** TASK GOAL **
In the listing that follows, retype every line from the first through the one containing "フードについてはキーマカレーを半熟卵&チーズトッピングでオーダー". Pictures are to be left out.

RECORDS TO PROCESS: Begin

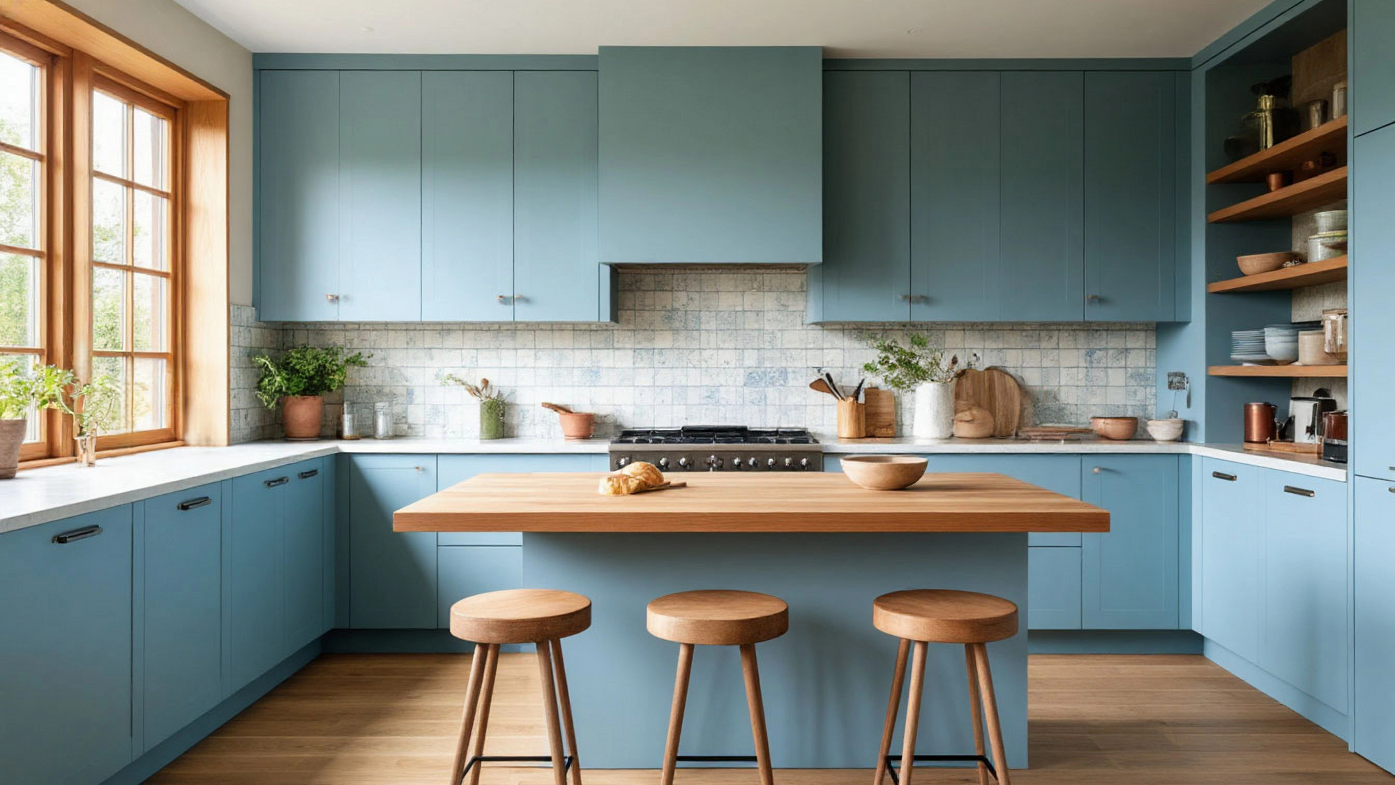 Главная идея кухни "Мацура" — в балансе. Здесь всё подчинено равновесию формы, цвета и пространства. Голубой оттенок фасадов словно растворяется в воздухе, создавая ощущение простора и лёгкости. Он не холодный, не отстранённый — наоборот, тёплый, мягкий и живой, как весеннее небо над водой. Именно такой цвет способен сделать кухню не просто красивой, а по-настоящему атмосферной. Он создаёт идеальный фон для природных акцентов: тёплого дерева, светлого камня, тонких линий чёрной фурнитуры. В сочетании с натуральными текстурами голубой обретает глубину, становится почти философским — спокойным, уравновешенным, как сама идея джапанди.
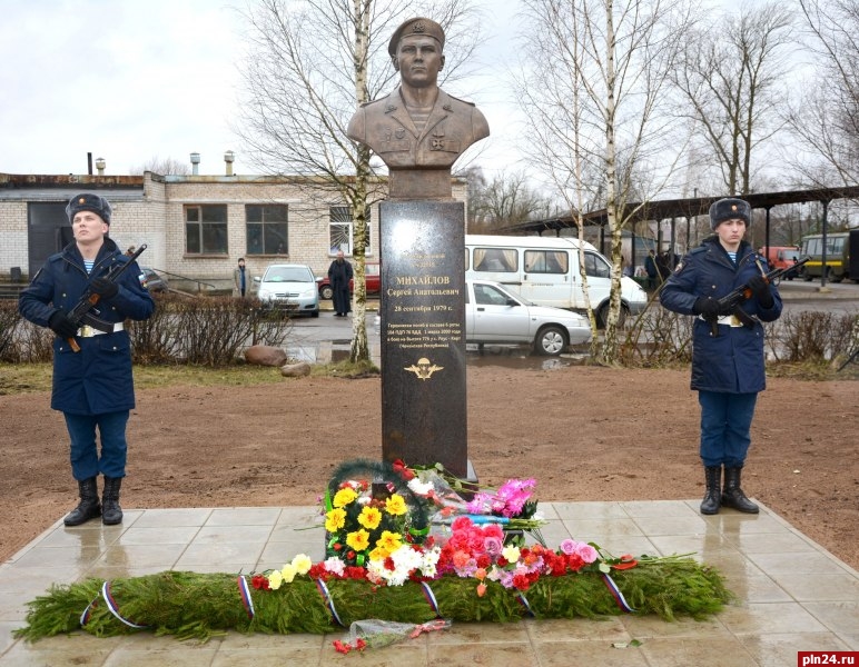 Торжественный митинг по случаю открытия бюста бойца 6-й роты 104-го полка 76-й гвардейской десантно-штурмовой дивизии Сергея Михайлова прошел в среду, 11 марта, в Новоржеве. Как сообщили Псковской Ленте Новостей в пресс-службе региональной администрации, мемориал установлен в сквере Памяти, рядом с домом, в котором жил военнослужащий.
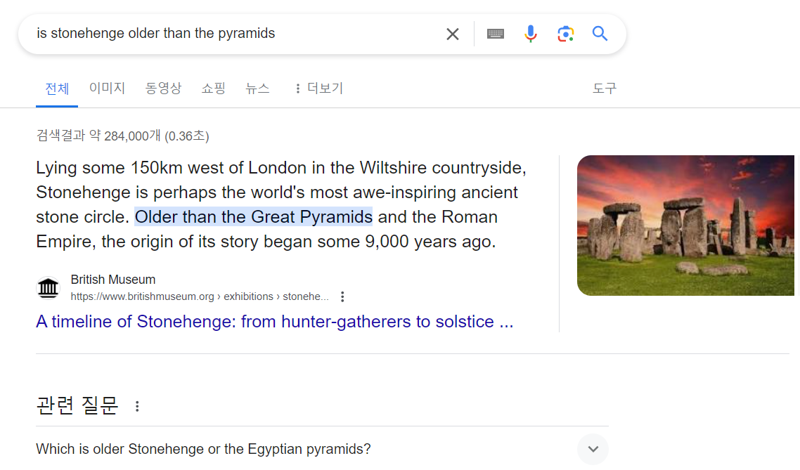 저 스톤헨지. 저건 등장시기가 논란이 많을 줄 아는데, 아마 초기 피라미드랑 엇비슷하지 않을까 기억하거니와, 저기서도 저런 논리가 통용한다. 피라미드보다 앞선다!
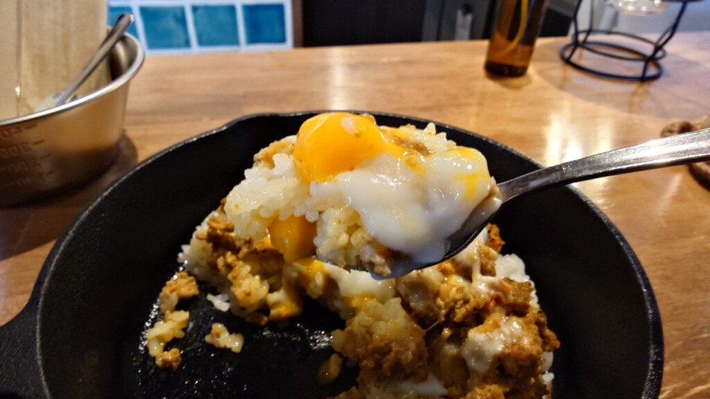 フードについてはキーマカレーを半熟卵&チーズトッピングでオーダー
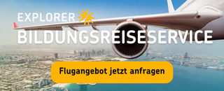 Explorer ist der Spezialist für günstige Flüge in die ganze Welt. Schüler, Studenten und junge Erwachsene profitieren ganz besonders von günstigen und flexiblen Jugend- und Studententarifen, die es in dieser Form nur bei Explorer gibt. Aber auch normale Flüge können Sie bei dem Reiseanbieter zu besonderen Konditionen buchen. Unser Kooperationspartner Explorer legt, wie wir auch, großen Wert auf eine persönliche Beratung und einen Mehrwert durch Service. Deshalb finden Sie dort keine anonyme Online-Flugsuche, sondern erhalten nach Absenden des Formulars ein individuelles, auf Ihre Bedürfnisse zugeschnittenes Flugangebot durch die Mitarbeiter des Explorer Bildungsreiseservice:
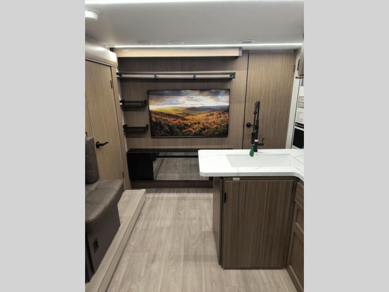 The double-size bunks pack a lot of extra sleeping space into this Wildwood X-Lite travel trailer! Some of the other comfortable features that you will find are the U-shaped dinette that has panoramic windows surrounding it, the entertainment center with an electric fireplace below, the private bedroom with a custom king bed with Versa Tilt, and the walk-in pantry that will make it easy to grab your spices and snacks. There is also a full bath with a walk-in shower plus a fully equipped kitchen, allowing you to make your best meals. Outside, you'll have an 18' awning that provides a protected area to relax and enjoy nature and a full pass-thru storage for all your camp gear!

RECORDS TO PROCESS: End

** ANSWER FOR THIS EXERCISE **
 Главная идея кухни "Мацура" — в балансе. Здесь всё подчинено равновесию формы, цвета и пространства. Голубой оттенок фасадов словно растворяется в воздухе, создавая ощущение простора и лёгкости. Он не холодный, не отстранённый — наоборот, тёплый, мягкий и живой, как весеннее небо над водой. Именно такой цвет способен сделать кухню не просто красивой, а по-настоящему атмосферной. Он создаёт идеальный фон для природных акцентов: тёплого дерева, светлого камня, тонких линий чёрной фурнитуры. В сочетании с натуральными текстурами голубой обретает глубину, становится почти философским — спокойным, уравновешенным, как сама идея джапанди.
 Торжественный митинг по случаю открытия бюста бойца 6-й роты 104-го полка 76-й гвардейской десантно-штурмовой дивизии Сергея Михайлова прошел в среду, 11 марта, в Новоржеве. Как сообщили Псковской Ленте Новостей в пресс-службе региональной администрации, мемориал установлен в сквере Памяти, рядом с домом, в котором жил военнослужащий.
 저 스톤헨지. 저건 등장시기가 논란이 많을 줄 아는데, 아마 초기 피라미드랑 엇비슷하지 않을까 기억하거니와, 저기서도 저런 논리가 통용한다. 피라미드보다 앞선다!
 フードについてはキーマカレーを半熟卵&チーズトッピングでオーダー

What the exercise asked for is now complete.